# soap goods sale



## CTAnton (Jul 25, 2015)

20% off...coupon code SAVE20
 I was going to post this in the what soapy thing have I done today ....which was spend more money!
Not being one to count every last penny I look at it this way...I got the shipping free and 10% off their prices....
As a professional gardener/horticulturist/weed puller I'm mostly a seasonal soaper so I'm amassing supplies for a busy winter season....but a day doesn't go by that I don't learn something on this forum...thanks!


----------



## gigisiguenza (Jul 25, 2015)

What site is it?


----------



## galaxyMLP (Jul 25, 2015)

gigisiguenza said:


> What site is it?



I had the same exact thought.
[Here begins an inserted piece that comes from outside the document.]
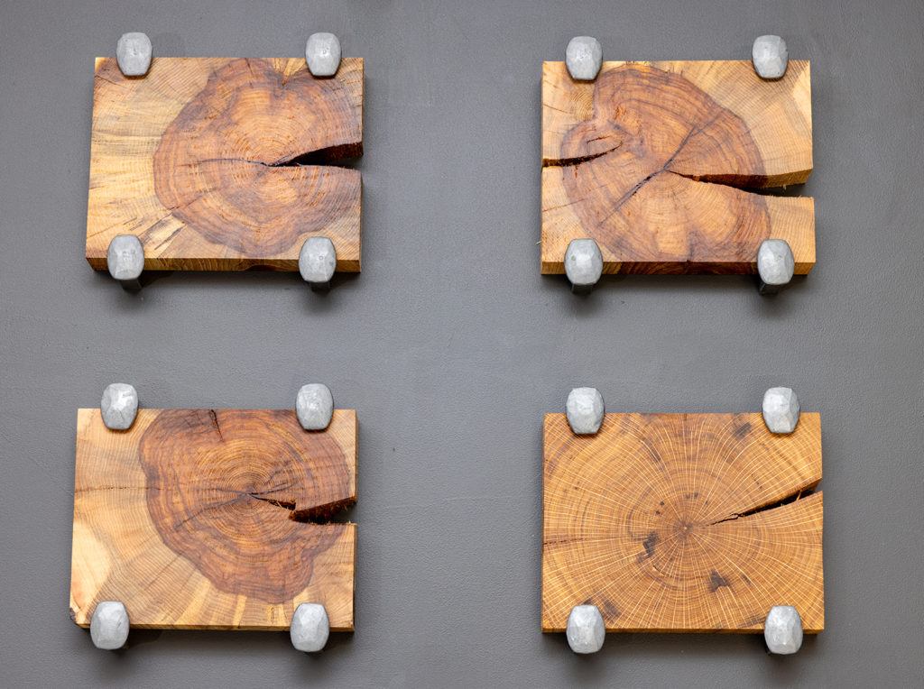 Materials: Oak & 3d-printed PLA railroad spikes.
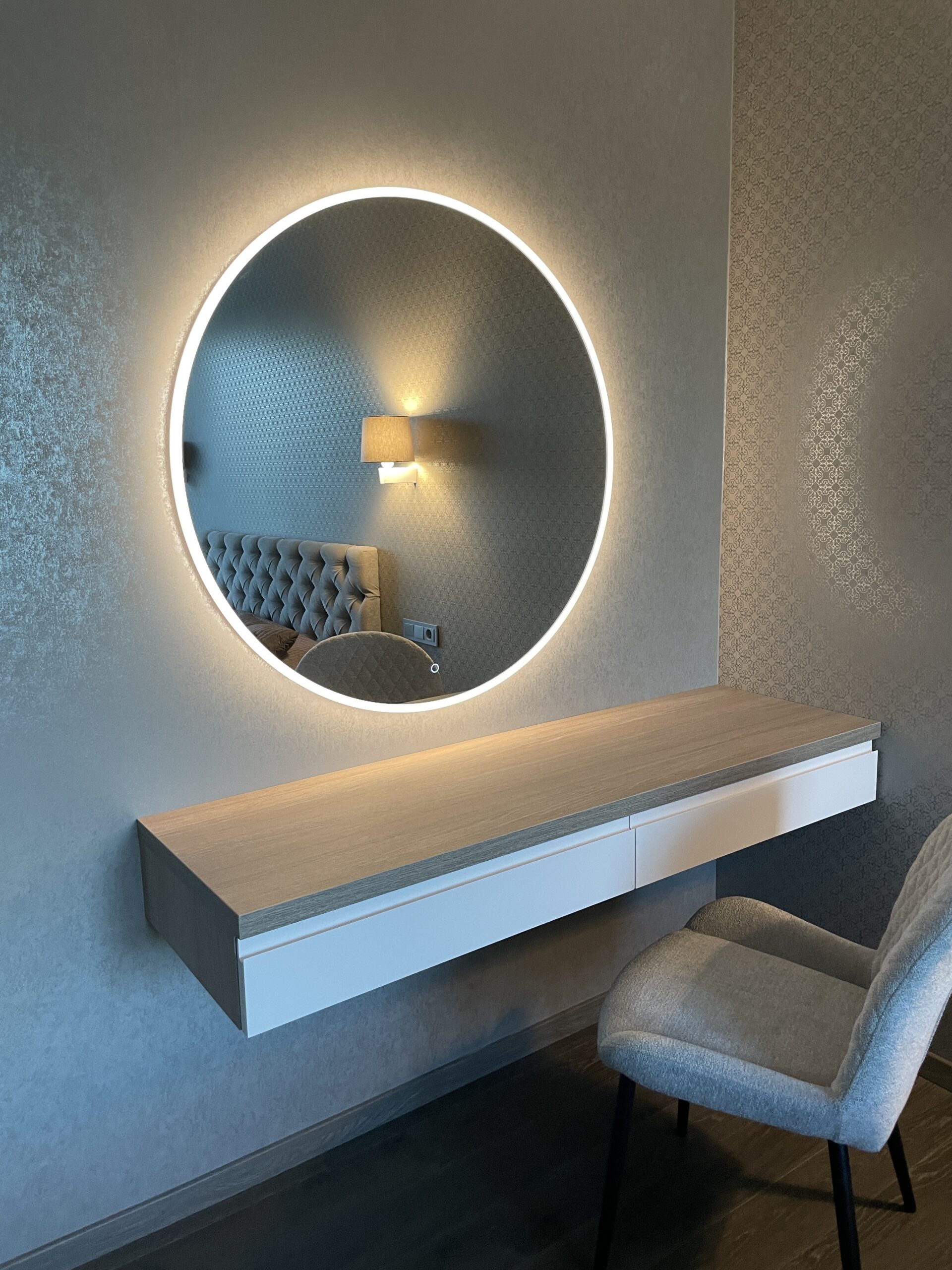 Ümmargune disain lisab elegantsi, samas kui esivalgustus kogu peegli ümbermõõdul tagab optimaalse, ühtlase valguse ilma varjudeta – ideaalne meigi tegemiseks, habeme ajamiseks või igapäevaseks kasutamiseks.

Turns out the site is ACTUALLY called "Soap Goods". :smile:


https://www.soapgoods.com/


----------



## gigisiguenza (Jul 25, 2015)

Lol that's entirely too easy Hahahahaha


----------



## not_ally (Jul 25, 2015)

This place looks like it is really expensive, even when you factor in the discount.  They carry a lot of things that other places do (WSP, BB), but at prices that are much higher.  It is really well organized and a pleasure to navigate though, a lot of the suppliers could learn from them in that respect.


----------



## Jstar (Jul 26, 2015)

I buy my TD and Kaolin clay there..and they are very generous in the  amounts.


----------



## navigator9 (Jul 26, 2015)

They do have a very nice website, but $53.68 per pound for their FOs......ouch!


----------



## not_ally (Jul 26, 2015)

It is kind of hit or miss, many of the micas were in line w/other suppliers.  But when I spot checked other things (oils), they were all more expensive than the places I usually buy from.  Plus more random stuff, eg, I checked the price on a mica (Heavy Metal Gold) that I really like to use in mp, I have only seen it at BB before.  BB's is $7.75/oz, their's is 13.35 for half an oz.  It is def. the same stuff, the description and INCI list is exactly the same.  

They do have really interesting stock though, they carry stuff that is hard to find other places.


----------



## Jstar (Jul 26, 2015)

navigator9 said:


> They do have a very nice website, but $53.68 per pound for their FOs......ouch!



Yup, way expensive for FO's, which is sad because they have a few Yankee types Id like to try


----------